The goal of the paper is to construct a unified model trained on multiple datasets that is no less accurate than the performance of individually trained models, while utilizing fewer computational resources. The paper proposesCerberusDet
that are used to train a single detection neural network on multiple datasets simultaneously. The paper also demonstrates a method for identifying optimal model architectures, as not all tasks can be trained together. A notable challenge lies in determining which parameters are shared across tasks, and suboptimal grouping of tasks can lead to negative migration, i.e., the problem of sharing information between unrelated tasks. In addition, the proposed method is able to select architectures that fulfill the requirements when computational resources are limited. In the experiments with open data, theCerberusDet
The results obtained using a unified neural network are comparable to state-of-the-art models specific to isolated data.

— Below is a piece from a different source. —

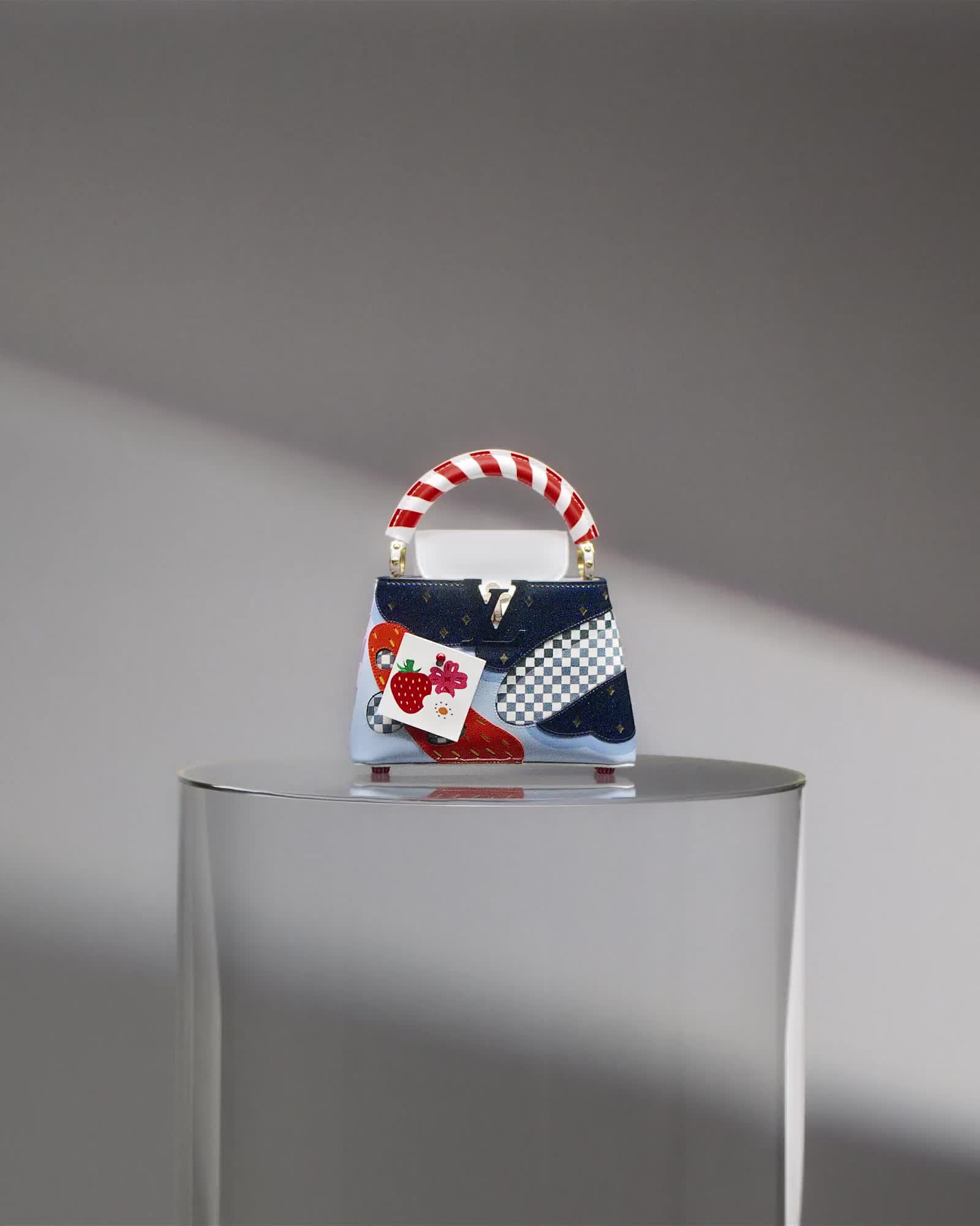 王子平设计的迷你 Capucines 手袋是品牌迄今为止尺寸最小的 Artycapucines 手袋,以万花筒般的视角焕新诠释路易威登经典元素,结合灵感源自经典 Damier 格纹的几何图案和彩色装饰。新款手袋充满奇思妙想,令人想起糖果包装纸和甜点。

Another way to extend the detector model to include new categories is to use an open vocabulary target detector (OVDs
), an approach that has recently become increasingly popular. However.OVDs
Typically lacks the accuracy of data-specific detectors, requires large amounts of training data, and tends to overfit the underlying categories. Papers prioritize high accuracy overOVDs
Flexibility. The architecture proposed in the paper is able to add new categories as needed while maintaining the accuracy of previously learned categories, making it more suitable for real-world requirements. Notably, this approach has been deployed and validated in a production environment, proving its robustness and reliability in real-world applications.
The main contributions of the paper are as follows:
-
Various approaches to multidataset and multitask detection have been investigated, exploring different parameter sharing strategies and training procedures.
-
The results of several experiments using open datasets are shown, providing insights into the effectiveness of various approaches.
-
A new multi-branch target detection model is proposed
CerberusDet
, which can be customized for different computing needs and tasks. -
Training and inference code, as well as trained models, were publicly released to encourage further research and development in the field.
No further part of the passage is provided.